Bolden  also discussed NASA’s role in science, technology, engineering, and math (STEM)  education, saying that NASA’s expertise is not in teaching itself, but making  the incredible content it has available to teachers so that their students can  be exposed to the world of science and engineering. He noted that you cannot  inspire students if they are not first exposed to this world, and that NASA can  provide a riveting first exposure for students.

During  the question and answer period, Bolden was asked about a fear in the  environmental community that, as budgets shrink, the climate monitoring  satellites may face funding cuts. Bolden said he shared that concern, but that  NASA was working to ensure this would not happen.

He was  also asked several questions about NASA’s role in STEM education. Bolden and Robert  Braun, NASA’s chief technology officer, were enthusiastic in their responses.  Both seemed to delight in the opportunities NASA provides students across a  broad spectrum of educational backgrounds, from community college graduates  working as technicians building the next Mars Rover to university students  working on building critical pieces of software.

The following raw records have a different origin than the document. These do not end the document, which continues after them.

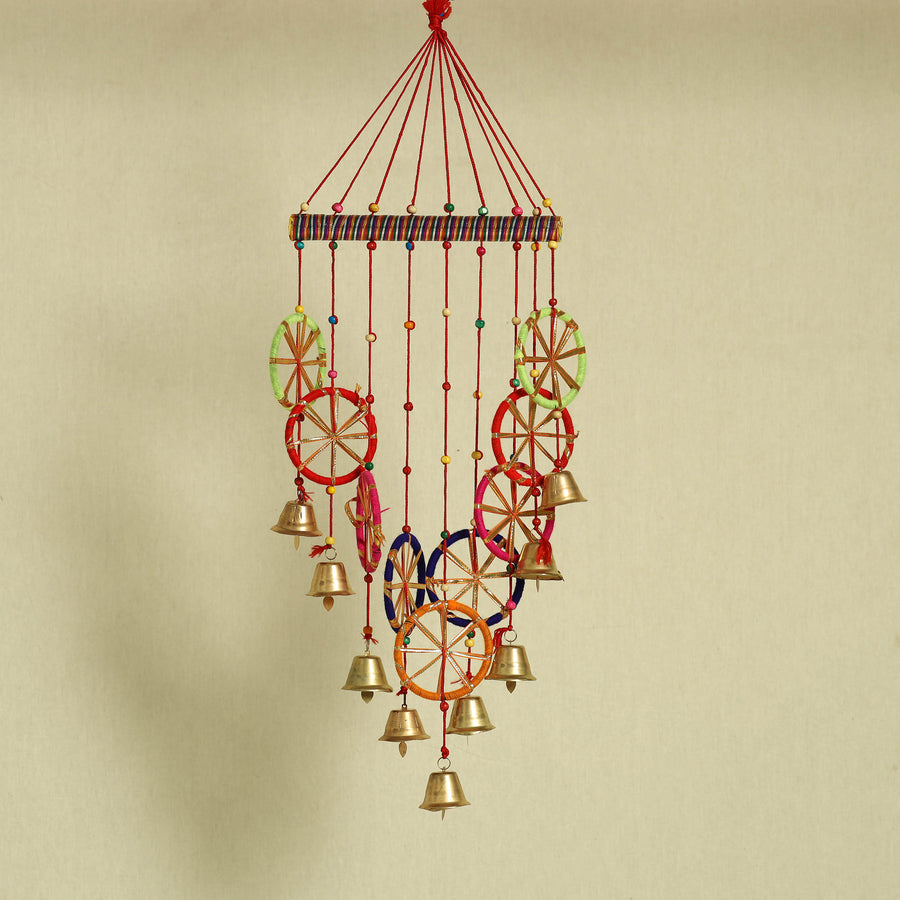 | Material | This beautiful hanging showcases gota detailing and wooden bead, complete with bells that offer a soothing sound. A wonderful choice for gifting or decorating, it adds colour and delight to your home’s doorways, windows, or sacred spaces. |
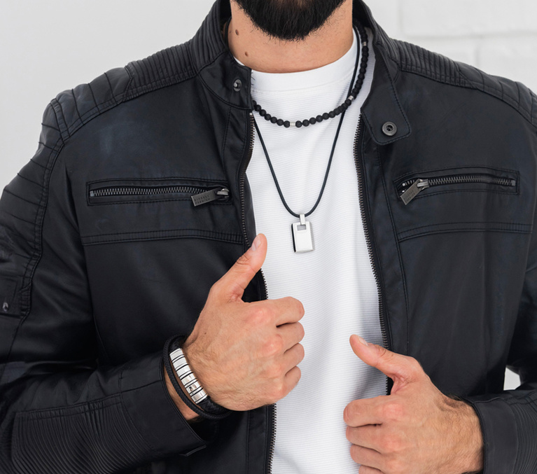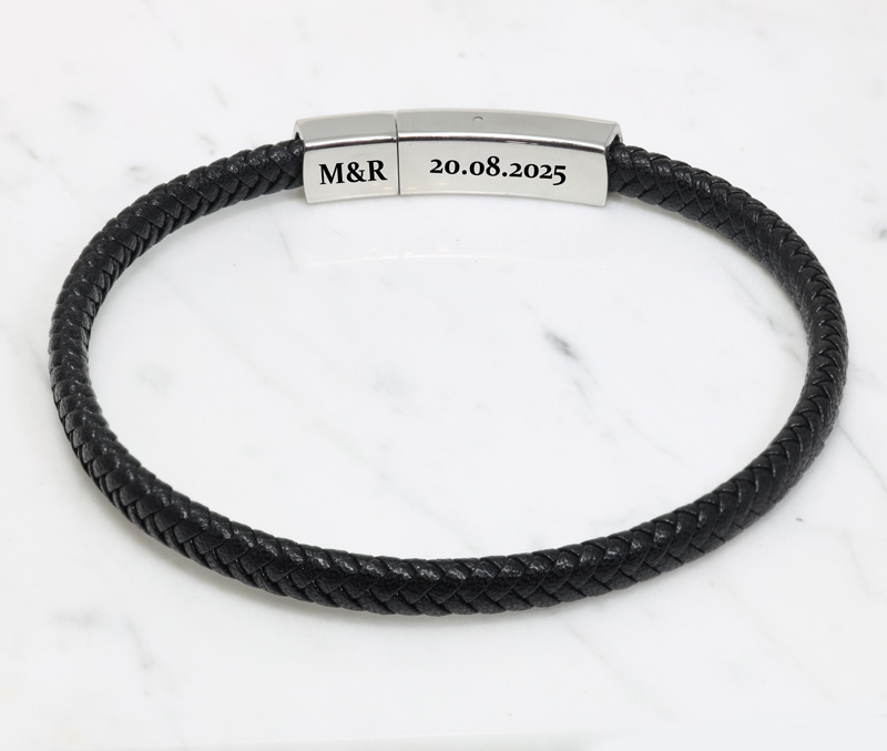 Bransoletka męska z plecionym rzemykiem to elegancki dodatek, który łączy w sobie skórę  oraz stal szlachetną. Wykonana z wysokiej jakości materiałów, zapewnia trwałość i wygodę noszenia. Zawiera subtelny grawer, który pozwala na personalizację, nadając biżuterii unikalny charakter. Długość bransoletki to 23 cm, z możliwością jej skrócenia, co zapewnia idealne dopasowanie do nadgarstka.
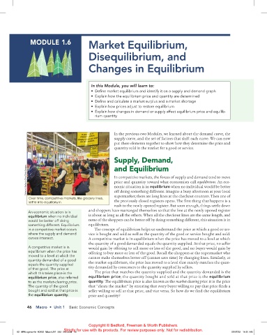 equilibrium when the price has offering to buy more or less of the good. Recall the shoppers at the supermarket who
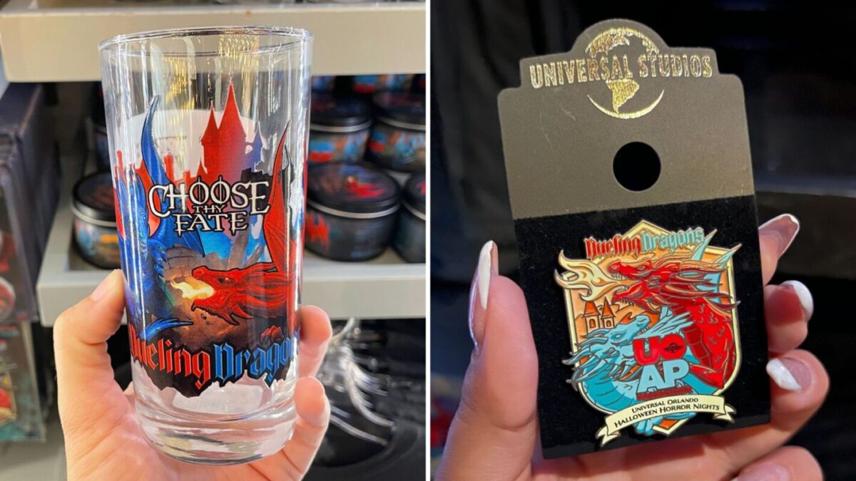 New merchandise representing a beloved former attraction has swooped into Universal Orlando Resort, as a previously debuted Universal Orlando Annual Passholders-exclusive Dueling Dragons merchandise set has expanded to include a ride-themed glass and pin. Interest in and representation of the defunct roller coaster has been renewed thanks to the Dueling Dragons: Choose Thy Fate haunted house offered as part of Halloween Horror Nights 32, which is running on select nights at Universal Studios Florida through November 4.
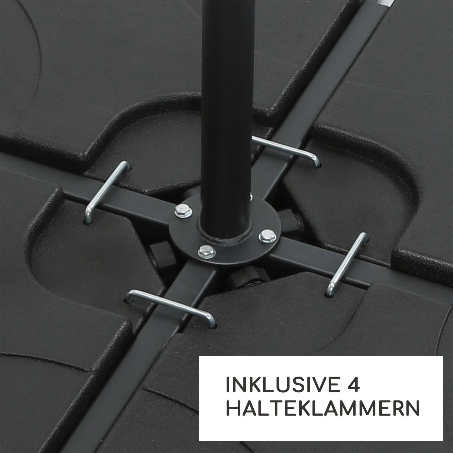 Neben ihrer zuverlässigen Funktion als Beschwerungselemente überzeugen die Sonnenschirmständer-Gewichte auch in Optik und Komfort. Sie passen sich geschickt an das Bodenkreuz deines Schirmständers an und ergeben so einen modernen Sockel. Ein seitlicher Tragegriff macht die Leergewichte zu einem sehr praktischen Sommer-Accessoire.

Helen  Quinn’s presentation addressed a report currently being undertaken by the Board  on Science Education (BOSE) to design a framework for what should be taught in  K-12 science education. She remarked as an aside that BOSE’s current project is  to create the framework, and that it will take another team to turn that  framework into standards. She also noted that her remarks were based upon the  interim report, which was made public last year. The final report is due to be unveiled  at the end of June, and she therefore could not yet comment on its contents.

Quinn  said that, though it has been fifteen years since the last effort at designing  national science education standards, the current environment is ripe for this  effort because of the Common Core State Standards Initiative, an ongoing  movement to encourage states to adopt a common set of standards in mathematics  and English language arts. She emphasized that the National Research Council  (NRC) is the right entity to carry out this work, referencing the fact that  most responsibility for education lies at the state, not the federal, level.  However, though it is not a federal agency, the NRC is able to leverage its  national reach to convene the top experts in science and science education.

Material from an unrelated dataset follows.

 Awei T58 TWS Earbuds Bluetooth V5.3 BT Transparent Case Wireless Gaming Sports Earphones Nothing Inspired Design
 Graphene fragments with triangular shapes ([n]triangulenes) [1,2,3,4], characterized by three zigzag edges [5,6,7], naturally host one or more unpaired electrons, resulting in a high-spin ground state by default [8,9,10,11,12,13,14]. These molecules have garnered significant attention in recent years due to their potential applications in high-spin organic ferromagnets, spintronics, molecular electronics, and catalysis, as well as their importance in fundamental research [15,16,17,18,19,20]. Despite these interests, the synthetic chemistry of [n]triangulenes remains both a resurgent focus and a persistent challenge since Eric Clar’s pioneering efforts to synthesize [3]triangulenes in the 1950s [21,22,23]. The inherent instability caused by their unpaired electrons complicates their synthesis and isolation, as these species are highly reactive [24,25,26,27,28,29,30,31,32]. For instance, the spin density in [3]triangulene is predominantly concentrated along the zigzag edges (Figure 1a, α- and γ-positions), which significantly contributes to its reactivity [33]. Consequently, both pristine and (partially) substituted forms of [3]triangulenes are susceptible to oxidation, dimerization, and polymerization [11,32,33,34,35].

Quinn  discussed the overarching goal of the effort, which is to design a holistic  science education curriculum that will provide students with a grounding in the  fundamental concepts and principles that underpin all scientific endeavors.  These include things like asking well-defined questions, using models, and  arguing from evidence.

Included  in the framework is engineering education, which Quinn said they combined with  science because in doing engineering projects, students would get to apply what  they learned in science. Thus, their knowledge of science would be deepened by  hands-on experience, furthering the goal of helping students truly learn  scientific concepts instead of a memorized list of facts.

She also  highlighted that the forthcoming report is just the first step. The framework  will need to be turned into standards, the standards will need to be adopted by  states, curricula will need to be developed, and teachers will need  professional development opportunities so that they are prepared to teach the  new curricula.

Following  her prepared remarks, Quinn was asked a number of questions about turning the  framework into standards. She repeatedly noted that that would be undertaken by  Achieve, Inc., a nonprofit established by state governors and corporate  leaders, and was outside the scope of BOSE’s effort. However, she acknowledged  that it would be a challenging undertaking.

She was  also asked about how the new standards would be assessed, assuming they were  implemented by states. She said that that was also beyond the scope of the  current project, and was likely one that should be addressed by a federal  agency, not the National Academies. She acknowledged that this is a key issue,  however, saying that it is well understood that assessment drives classroom  instruction.

Holdren closed the meeting by thanking the  presenters and PCAST members and staff who made the meeting possible.